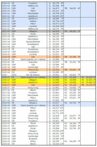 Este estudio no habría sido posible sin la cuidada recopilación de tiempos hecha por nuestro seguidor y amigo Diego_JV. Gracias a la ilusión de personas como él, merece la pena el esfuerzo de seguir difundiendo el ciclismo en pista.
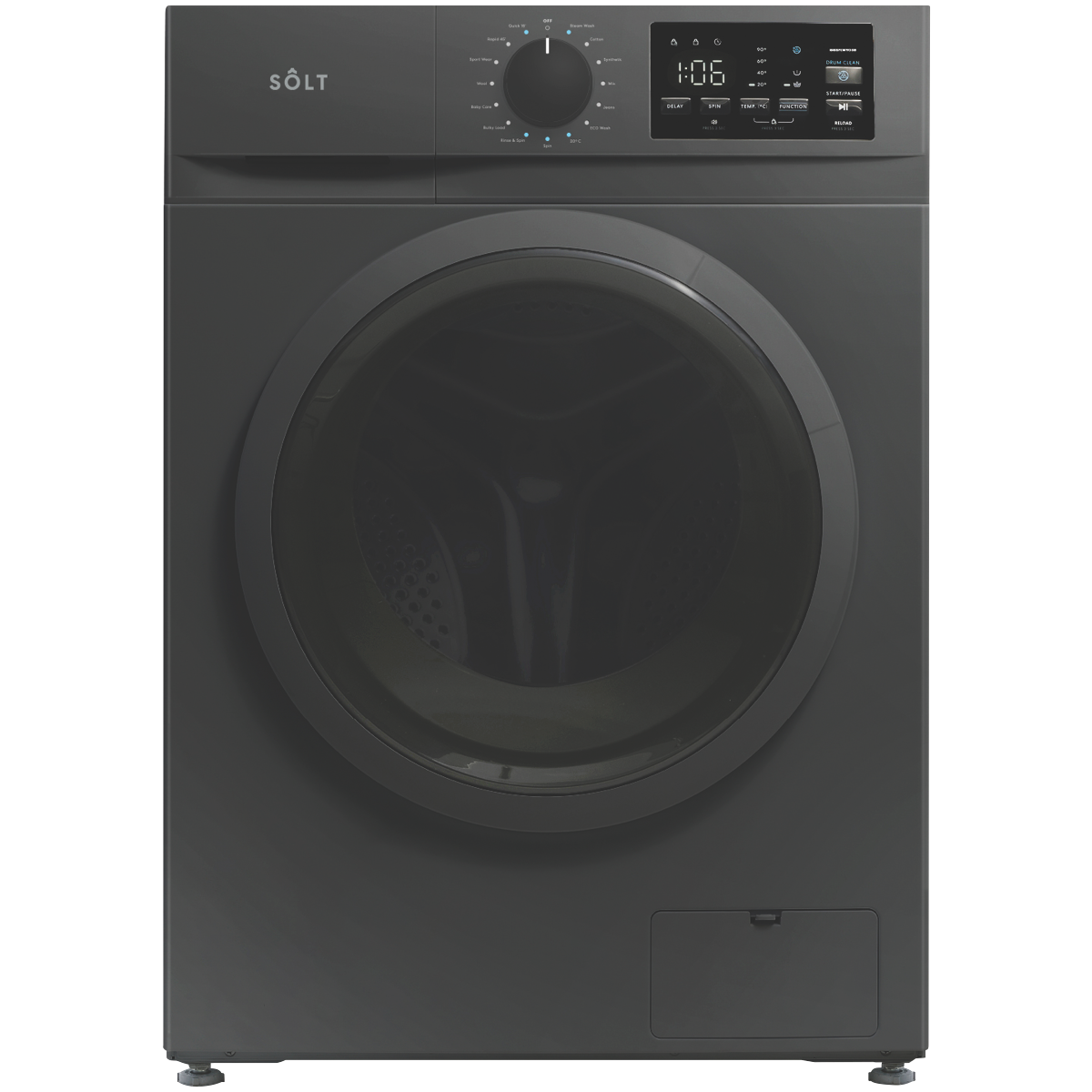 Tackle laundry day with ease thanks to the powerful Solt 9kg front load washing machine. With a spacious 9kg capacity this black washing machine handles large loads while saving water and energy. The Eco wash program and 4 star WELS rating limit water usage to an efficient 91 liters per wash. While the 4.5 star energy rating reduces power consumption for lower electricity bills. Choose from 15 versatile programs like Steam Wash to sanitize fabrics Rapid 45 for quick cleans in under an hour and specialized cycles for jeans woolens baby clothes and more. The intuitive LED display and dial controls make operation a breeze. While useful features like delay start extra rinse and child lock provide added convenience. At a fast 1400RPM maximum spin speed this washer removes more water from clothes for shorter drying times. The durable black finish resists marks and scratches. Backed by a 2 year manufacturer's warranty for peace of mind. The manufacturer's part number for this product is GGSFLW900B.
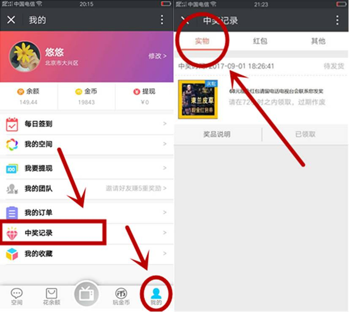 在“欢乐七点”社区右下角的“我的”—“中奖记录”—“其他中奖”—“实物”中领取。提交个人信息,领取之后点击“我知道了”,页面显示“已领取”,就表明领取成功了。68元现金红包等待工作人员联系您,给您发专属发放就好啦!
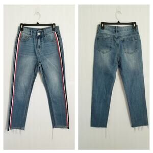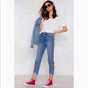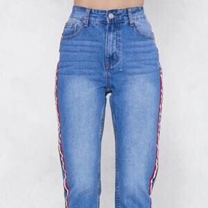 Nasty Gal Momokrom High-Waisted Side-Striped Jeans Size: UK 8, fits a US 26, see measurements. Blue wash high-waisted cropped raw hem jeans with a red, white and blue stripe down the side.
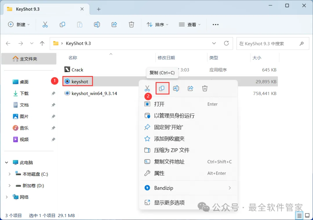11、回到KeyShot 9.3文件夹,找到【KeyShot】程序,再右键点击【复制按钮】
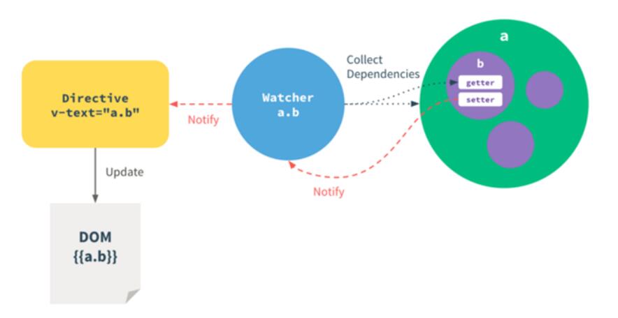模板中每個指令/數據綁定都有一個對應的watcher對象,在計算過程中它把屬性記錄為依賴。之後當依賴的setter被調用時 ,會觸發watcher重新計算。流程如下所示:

- - -

- **Instructions for the task**:
Set down, exactly as written, each line from the one that contains "11、回到KeyShot 9" to the last line of the records, but none of the pictures.

- **Task solution**:
11、回到KeyShot 9.3文件夹,找到【KeyShot】程序,再右键点击【复制按钮】
模板中每個指令/數據綁定都有一個對應的watcher對象,在計算過程中它把屬性記錄為依賴。之後當依賴的setter被調用時 ,會觸發watcher重新計算。流程如下所示:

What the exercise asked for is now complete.